核心概念
Decision-estimation coefficients optimize exploration-exploitation trade-offs in sequential decision-making.
要約
The content discusses regret minimization in sequential decision-making, focusing on saddle point optimization. It introduces the decision-estimation coefficient (DEC) and its variants, such as the average-constrained DEC. The algorithm ANYTIME-E2D is presented, optimizing the DEC online for structured observations. Connections to information ratio and decoupling coefficient are explored, along with empirical results on linear bandits. Computational aspects and upper bounds are discussed, emphasizing practical implementations.
-
Introduction
- Regret minimization is crucial in bandits and reinforcement learning.
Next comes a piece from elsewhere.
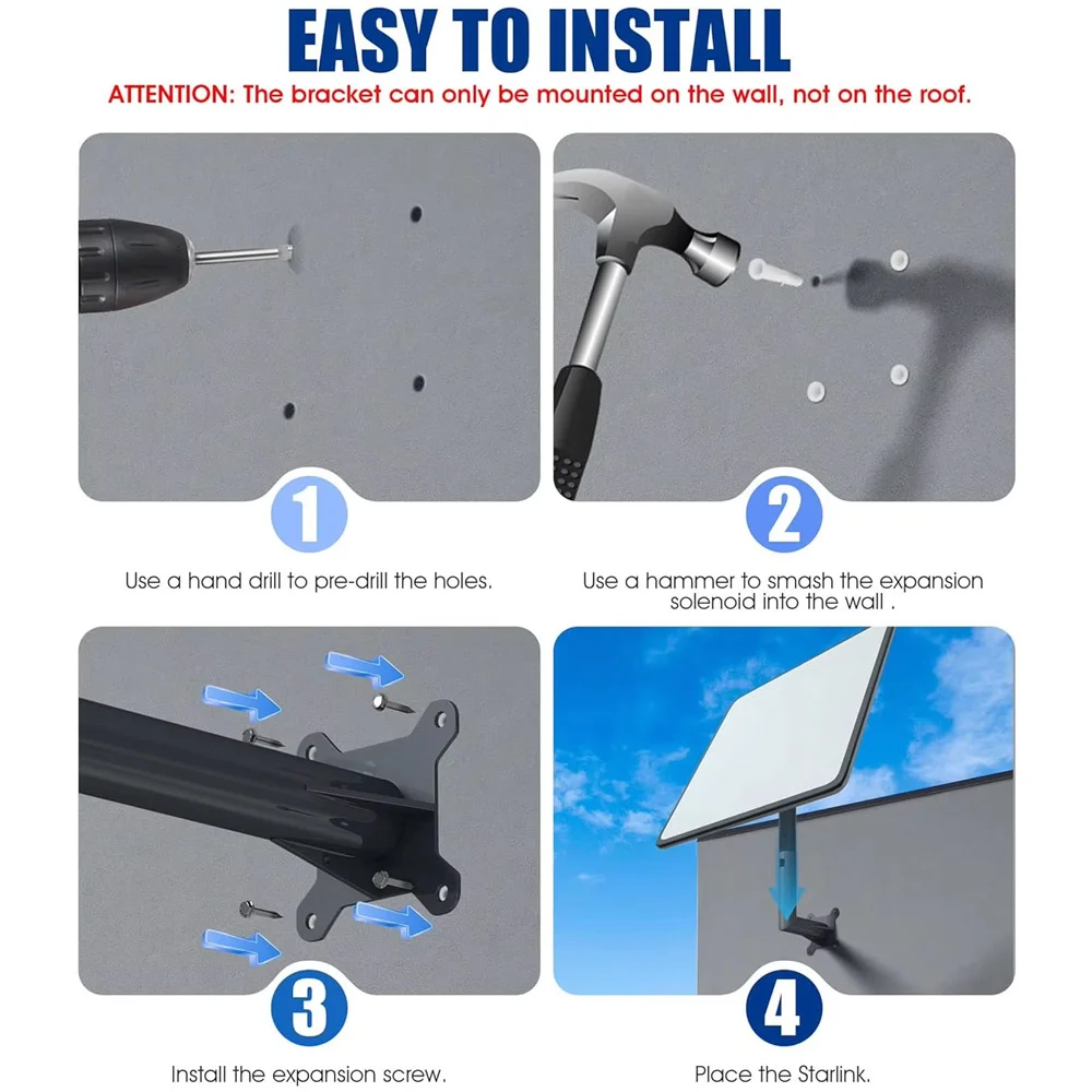 Este suporte de montagem starlink pode ajustar livremente o ângulo de instalação de acordo com a situação real, pode se adaptar a vários cenários de uso, como madeira, tijolo e parede de concreto. Oferece flexibilidade na localização e posicionamento da antena parabólica. É adequado para necessidades de instalação em diferentes locais.

- Balancing exploration-exploitation trade-off is key in sequential decision-making.
-
Regret Minimization via Saddle-Point Optimization
- Sample complexity of regret minimization characterized by min-max programs.
- Decision-estimation coefficient (DEC) optimizes exploration-exploitation trade-off.
- Introduction of ANYTIME-E2D algorithm for practical implementation.
-
Related Work
- Various approaches to regret minimization in bandits and reinforcement learning.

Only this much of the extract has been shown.